Олешек делает вид, что не слышит обидных слов, и подходит ближе.

От лебёдки вверх, к самой крыше, протянут трос. По нему, когда крутишь рукоятку, поднимается бадья, в которой наверх, в окно второго этажа, подают штукатурам мел и раствор. Но сейчас окно закрыто, и пустая бадья по воле Валерки со скрипом ползёт вверх и вниз.

– Гляди, чего я нашёл! – говорит Олешек и лезет рукой в карман. – Во какая!

На покрасневшей от холода маленькой ладони лежит сосулька. Но как она непохожа на себя! От неё осталась только плоская ледышка.

– Она была совсем как петух! С гребнем и с хвостом… – говорит Олешек.

– Какой там ещё петух? – недоверчиво отвечает Валерка.

– Ну правда, с хвостом! – Олешку так хочется, чтобы Валерка поверил и порадовался, какие бывают сосульки.

– Не было никакого петуха! – Валерка щелчком отправляет сосульку в сугроб. Остаётся только дырочка в снегу. – У тебя мать на втором этаже работает? – спрашивает он.

– На втором. – Олешек грустно глядит на дырочку в снегу.

– А ну, залезай в бадью, я тебя мигом на второй этаж доставлю!

Олешек с сомнением смотрит на бадью. Конечно, здорово бы подняться сразу, без лестниц, на второй этаж. Только бадья грязная…

– Ты причин не выдумывай, – говорит Валерка. – Лучше прямо скажи: «Я, Олег Матвеев, трус!»

Трус? Олешек засовывает мамин завтрак поглубже в карман, поднимает ногу и ставит её в бадью. Едва он успевает перенести через край бадьи вторую ногу и ухватиться за проволоку, как Валерка дёргает рукоятку, и бадья подпрыгивает вверх на целый метр до самого подоконника.

– Граждане, берите билеты! – кричит Валерка.

– А сколько стоит билет? – спрашивает Олешек.

– А сколько у тебя в кармане звенит?

– Сорок две копейки. Они мамины.

– Ничего! – Валерка живо выгребает из кармана монеты. – Держись, поехали!

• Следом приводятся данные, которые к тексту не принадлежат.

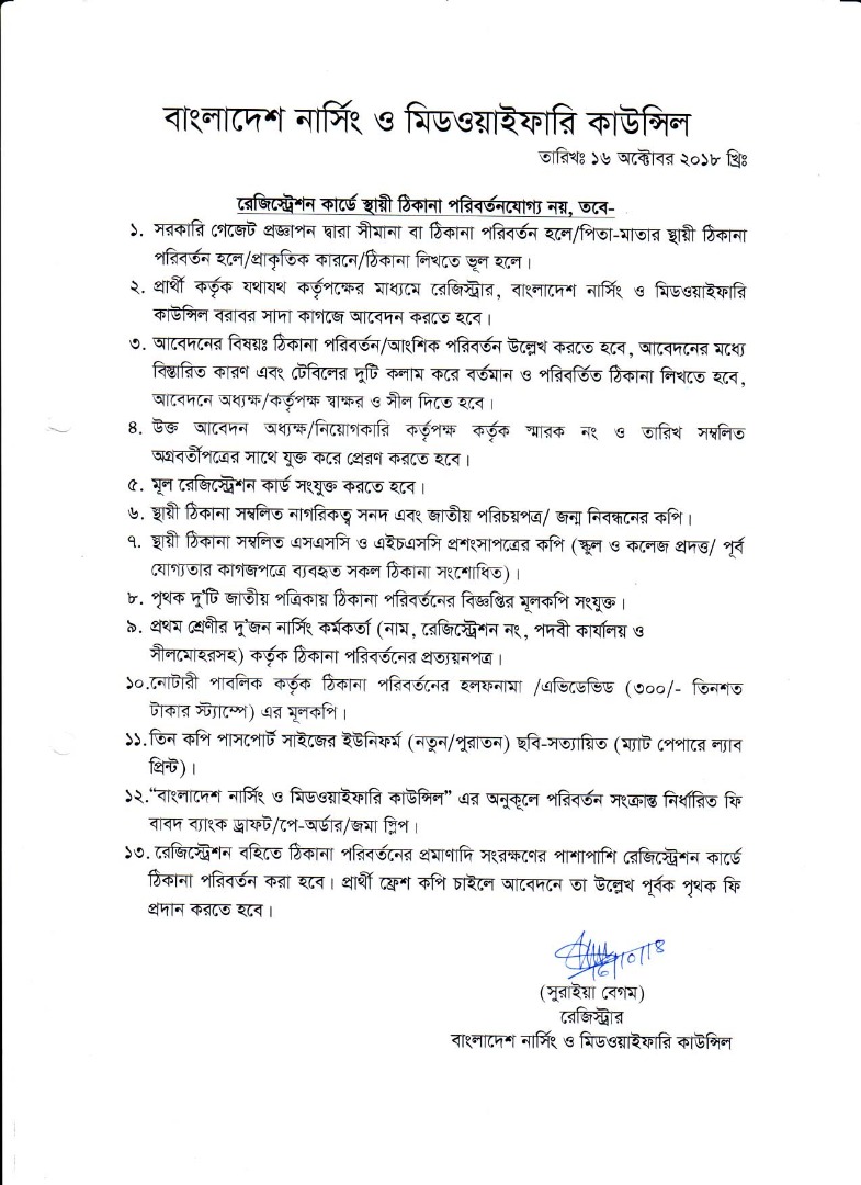 | ১৬ অক্টোবর ২০১৮ | রেজিস্ট্রেশন স্থায়ী ঠিকানা পরিবর্তনের নিয়মাবলী | ![]() |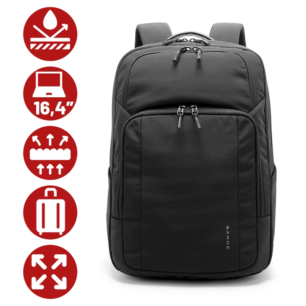 Plecak wodoodporny Bange 23L na laptopa 16.4" – pojemny i wygodny, odporny i oddychający, miejski i podróżny do pracy i samolotu, unisex – Czarny

Бадья со скрипом ползёт вверх. Вот уже уплыл подоконник, вот уже форточка осталась внизу. Перед глазами Олешка – заснеженный карниз второго этажа. Олешек начинает гудеть, как мотор. Будто поднимается на вертолёте. Вертолёт уже возле стёкол второго этажа. Сквозь них пассажир видит забрызганный извёсткой подоконник, на нём кисть и чью-то сделанную из бумаги шляпу.

Стоп! Бадья дёрнулась и остановилась.

– Заело! – крикнул с земли Валерка. – Сейчас исправлю!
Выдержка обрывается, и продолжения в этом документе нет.